My analysis of the World Inequality Database shows several key insights about global wealth inequality trends. I observed significant differences in wealth concentration patterns across regions, with some showing increasing inequality while others are stable or have even declining trends. I identified key turning points in inequality trends, often happening together with major economic events or policy changes. I also found out significant differences in wealth distribution across age groups, with adults generally showing different patterns compared to the full population. In most countries, the share of wealth held by the top 10% has shown an increasing trend over recent decades, while the bottom 50% share has either stagnated or declined.There is limited evidence for global convergence in inequality levels, suggesting that country-specific factors continue to play a dominant role in shaping wealth distribution patterns.
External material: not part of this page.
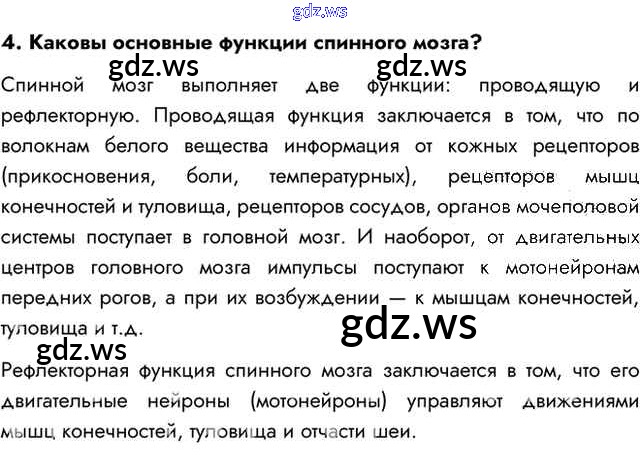 Готовый ответ Вопросы §41. Спинной мозг - Биологии 8 класс Пасечник Учебник Линия жизни ФГОС
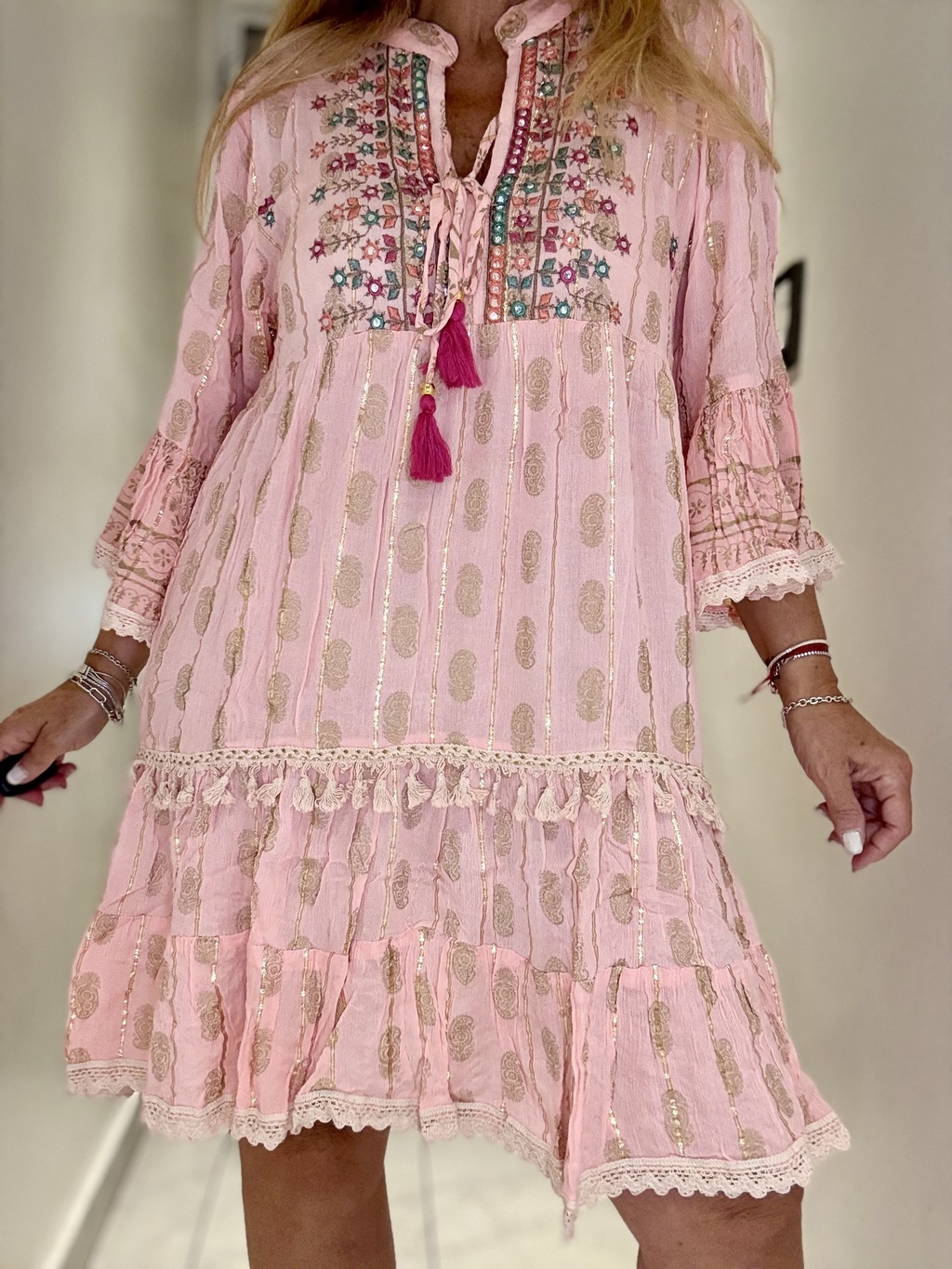 Vestido de algodón de india color rosa con lurex ,búlgaros en dorado , bordado en el pecho y borlas en la falda con tiras en el escote de 120 cm de contorno de busto , 140 cm de contorno de caderas por 0,85 cm de largo

I think policies addressing wealth inequality should be tailored to specific country contexts, taking into account the historical trajectories and structural characteristics. Given the disparities across age groups, policies should consider differential impacts on various demographic segments. Future research should divide wealth inequality into its components (housing, financial assets, business equity) to provide more nuanced insights.Also probably more detailed analysis of inequality across demographic dimensions beyond age, such as gender, education, and occupation, would improve the understanding of distributional dynamics.